By 2000, over two decades of operation had also meant that technologies within the Concorde were outdated by far. Most passenger airlines of the era already had modern avionics and flight computers, the Concorde still operated on analogue controls with a Flight engineer. By the time it suffered its first aviation disaster through an event of happenstance rather than design flaw in 2000, the resulting year long safety tests culminated with the tragic events of September 11th 2001. Plummeting air travel and rising maintenance costs from replacing obsolete parts ultimately rendered operation of the Concorde, unfeasible.
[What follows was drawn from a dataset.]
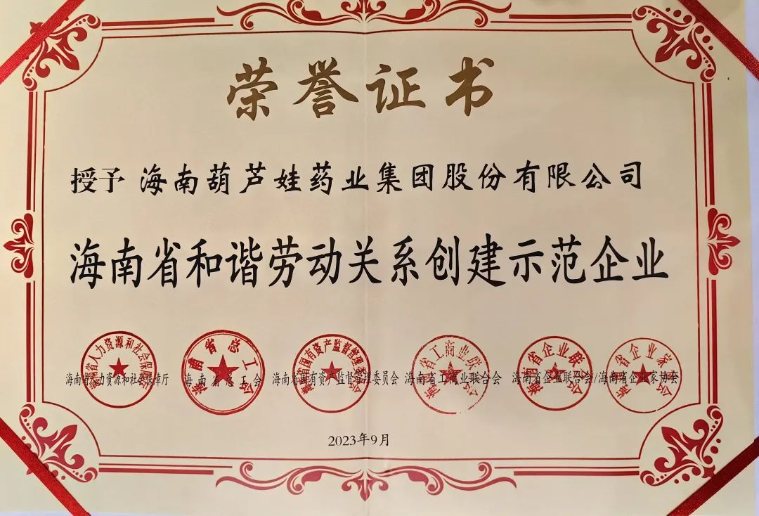 热博RB88药业集团获评“海南省和谐劳动关系创建示范企业”

Boom’s supersonic proposition

According to Conde Nast Travel, Boom’s supersonic jet intends to employ technology that makes it quieter, cheaper, faster, and safer than the Concorde. The Denver firm is currently developing a small-scale version of the jet: The 2-seater XB-1, or “Baby Boom,” will travel at Mach 2.2 like its big brother and flight tests would begin next year. Once testing is complete, Boom Technology will begin manufacture and testing of the Boom supersonic passenger jetliner. Branson, one of the early adopters has also offered  the facilities and expertise of Virgin Galactic to aid in research, development. and ground testing.

So far, Boom’s XB-1 aka Baby Boom theoretically demonstrates the key technologies for efficient supersonic flight: advanced aerodynamic design, light-weight materials that can withstand supersonic flight, and an efficient super-cruise propulsion system. Furthermore, it is backed by a development team of engineers and physicists who have made key contributions to 40 new aircraft and conducted test flights to Mach 3, taken passenger jets from the drawing board through FAA certification and working with NASA and Space-X, landed rockets and designed supersonic engines for trans-continental and orbital flight.

Editor’s Note: Tellingly, Boom’s logo is the Starfleet Delta leaned sideways.